Organizing spreadsheets

August 15, 2017 Matt Hall

A couple of weeks ago I alluded to ill-formed spreadsheets in my post Murphy 's Law for Excel. Spreadsheets are clearly indispensable, and are definitely great for storing data and checking CSV files. But some spreadsheets need to die a horrible death. I'm talking about spreadsheets that look like this (click here for the entire sheet):

This spreadsheet has several problems. Among them:

The position of a piece of data changes how I interpret it. E.g. a blank row means 'new sheet' or 'new well'.
The cells contain a mixture of information (e.g. 'Site' and the actual data) and appear in varying units.
Some information is encoded by styles (e.g. using red to denote a mineral species). If you store your sheet as a CSV (which you should), this information will be lost.
Columns are hidden, there are footnotes, it's just a bit gross.
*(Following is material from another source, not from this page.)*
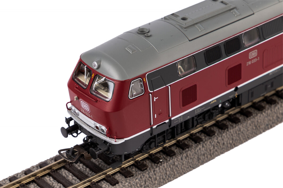 Neuheit 2022: Variante der BR 216 in der Ausführung der DB in Epoche IV. Die Baureihe V 160 bzw. 216 war in den 1960er- und 1970er-Jahren bei der Bundesbahn die Eilzuglok für Strecken ohne Fahrdraht. Die Neukonstruktion dieses wichtigen Fahrzeugtyps schließt nicht nur im Sortiment von PIKO eine Lücke, sondern wird durch zahlreiche Varianten viele Modellbahnanlagen der Epochen III bis V bereichern. Das Entwicklerteam hat die markante Formgebung des Vorbilds in herausragender Qualität im Modell umgesetzt und dabei gleichzeitig ideale Fahreigenschaften erzielt. Diese Attribute werden durch den wirkungsvollen Einsatz perfekter Gravuren und einer bis ins kleinste Detail stimmigen Lackierung unterstrichen. Zeitgemäße LED-Technik dient als Basis für den Lichtwechsel in Rot/Weiß sowie die durch Nachrüstung eines Digitaldecoders schaltbaren Lichtfunktionen. Auf aktuellstem Stand der Technik ist die Digitalschnittstelle PluX22 nach NEM 658, ein Decoder kann ganz einfach aufgesteckt werden. Mit beigelegten Zurüstteilen lässt sich die Pufferbohle des Fahrzeugs vorbildgerecht vervollständigen.

Using this spreadsheet to make plots, or reading it with software, with be a horrible experience. I will probably swear at my computer, suffer a repetitive strain injury, and go home early with a headache, cursing the muppet that made the spreadsheet in the first place. (Admittedly, I am the muppet that made this spreadsheet in this case, but I promise I did not invent these pathologies. I have seen them all.)

Let's make the world a better place

Consider making separate sheets for the following:

Raw data. This is important. See below.
Computed columns. There may be good reasons to keep these with the data.
Charts.
'Tabulated' data, like my bad spreadsheet above, with tables meant for summarization or printing.
Some metadata, either in the file properties or a separate sheet. Explain the purpose of the dataset, any major sources, important assumptions, and your contact details.
A rich description of each column, with its caveats and assumptions.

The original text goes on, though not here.